Week 10 -- Special attacks, varied enemies

Last week: Lots of fun with my battle system prototype, and a change of plans.

I added two special attacks (you build up to a special attack by hitting the enemies with normal attacks or your fire spell) and a couple of small touches (enemies bounce back when they run into you, etc.).

So I was finished with my originally planned features for the prototype, but not satisfied. I decided that I need to make it more interesting to be able to evaluate whether the ideas are really going to work. So I added multiple enemy types. We now have: normal, physical (resists physical attacks), spitting (fires projectiles, which you can block with your shield -- oh yeah, I added that too), magical (resists magic, fires spells at you), and tough (fast, hits harder). This was a lot of fun. My eventual goal here is to test out throwing a variety of battle situations at the player and hopefully require different approaches.


(Illustration: special attack 1, which knocks the enemies way back. You can also see a brown enemy shot and the end of a dead-enemy-go-poof animation, which was one of the details I added mostly for fun. Remember: placeholder art!)

I've added a couple of things that are more polished than what you might expect from a prototype, but they're all things that I'll need to do eventually and wanted to learn. For instance, I added a charge-up meter for spellcasting, which was fun -- and helpful for verifying that the spellcasting state handling was working properly. And now that I have multiple enemy types, I need to make it pick a group of opponents to meet a given total "challenge level," which is something I'll need to do in the real game too.
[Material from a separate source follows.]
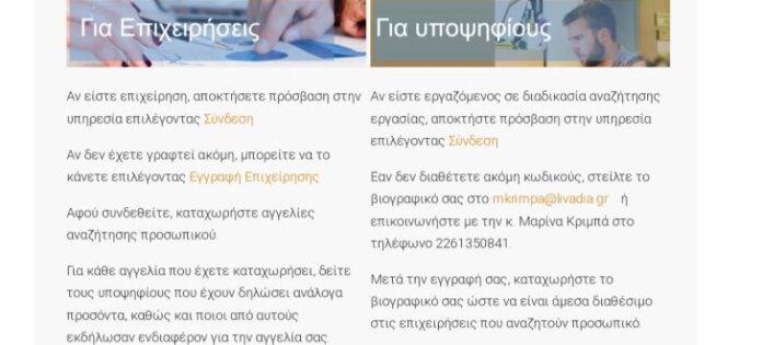 H εφαρμογή αυτή δίνει την δυνατότητα στις επιχειρήσεις να υποβάλλουν αγγελίες αναζήτησης  προσωπικού με στόχο την εύρεση στελεχιακού δυναμικού, σύμφωνα με τις ανάγκες τους.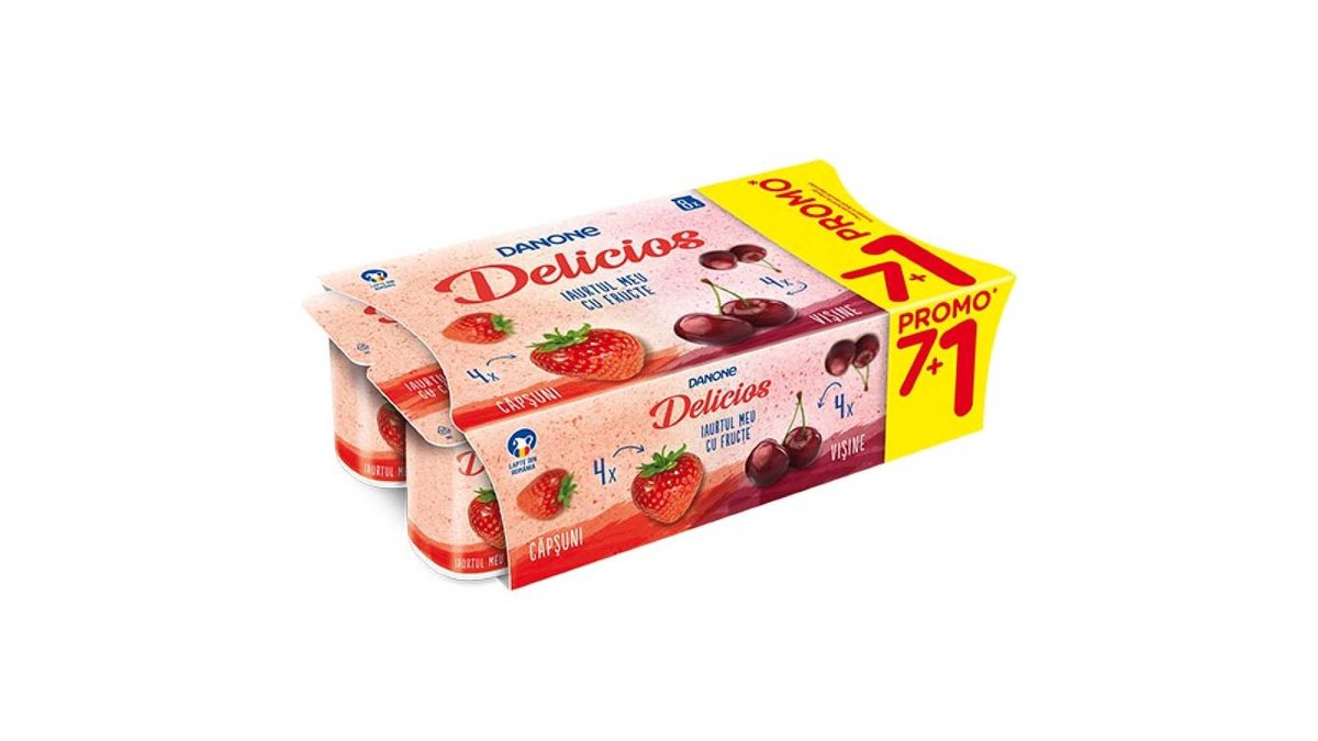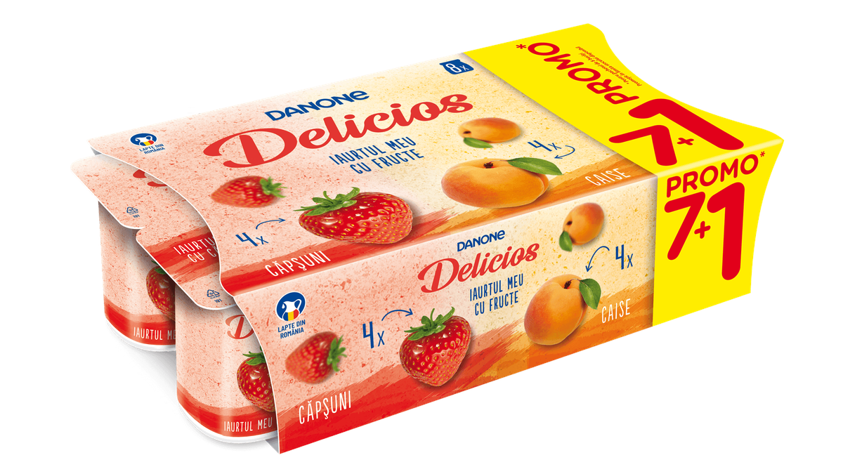 Iaurt cu capsuni si caise Danone Delicios, (7+1) x 125 g

I continue to feel that I don't know TGB and TorqueScript nearly as well as I need to, so I'm rethinking my schedule. I'm afraid that if I try to start on the full game now, I'll make bad design decisions and waste a lot of time. I strongly suspect that I implemented the multiple enemy types prototype poorly. So I've decided to step back and take a couple of weeks to learn TGB better, the various builders and key features such as datablocks. I'll probably try to incorporate the things I learn into the battle prototype or other mini-prototypes to keep my morale up. My hope is that the time I spend on this now will pay for itself in faster and more maintainable development in the end.